:: Data excerpt ::
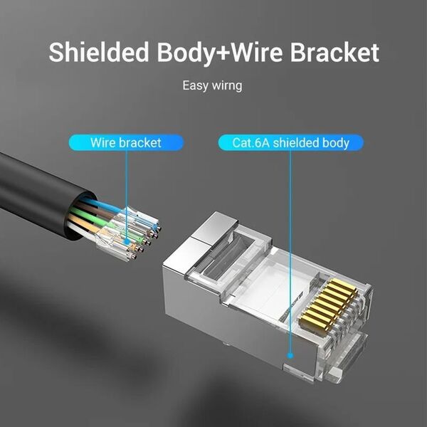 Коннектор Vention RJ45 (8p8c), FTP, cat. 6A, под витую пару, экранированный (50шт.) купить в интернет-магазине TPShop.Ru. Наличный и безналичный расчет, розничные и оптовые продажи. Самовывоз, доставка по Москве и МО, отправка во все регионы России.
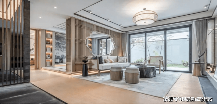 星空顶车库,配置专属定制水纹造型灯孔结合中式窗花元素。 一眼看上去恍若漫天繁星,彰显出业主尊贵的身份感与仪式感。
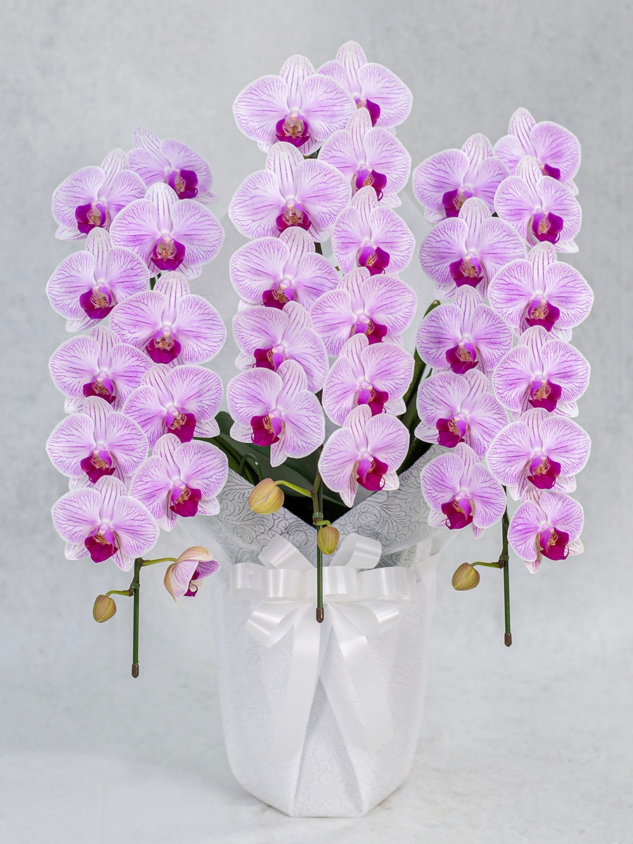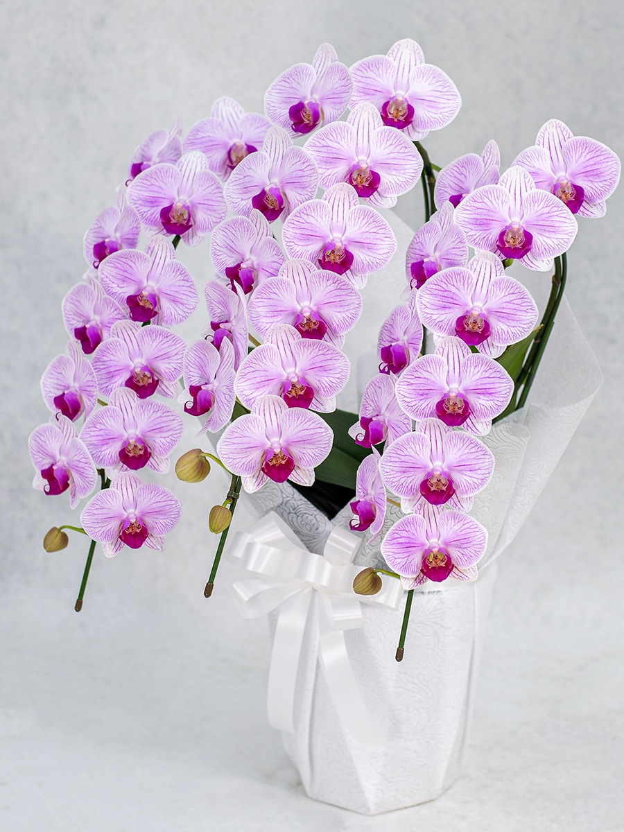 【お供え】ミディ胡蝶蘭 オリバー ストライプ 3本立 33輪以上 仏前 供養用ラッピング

:: Directions for this task ::
Pictures aside, print every line of the material exactly.

:: Written response ::
 Коннектор Vention RJ45 (8p8c), FTP, cat. 6A, под витую пару, экранированный (50шт.) купить в интернет-магазине TPShop.Ru. Наличный и безналичный расчет, розничные и оптовые продажи. Самовывоз, доставка по Москве и МО, отправка во все регионы России.
 星空顶车库,配置专属定制水纹造型灯孔结合中式窗花元素。 一眼看上去恍若漫天繁星,彰显出业主尊贵的身份感与仪式感。
 【お供え】ミディ胡蝶蘭 オリバー ストライプ 3本立 33輪以上 仏前 供養用ラッピング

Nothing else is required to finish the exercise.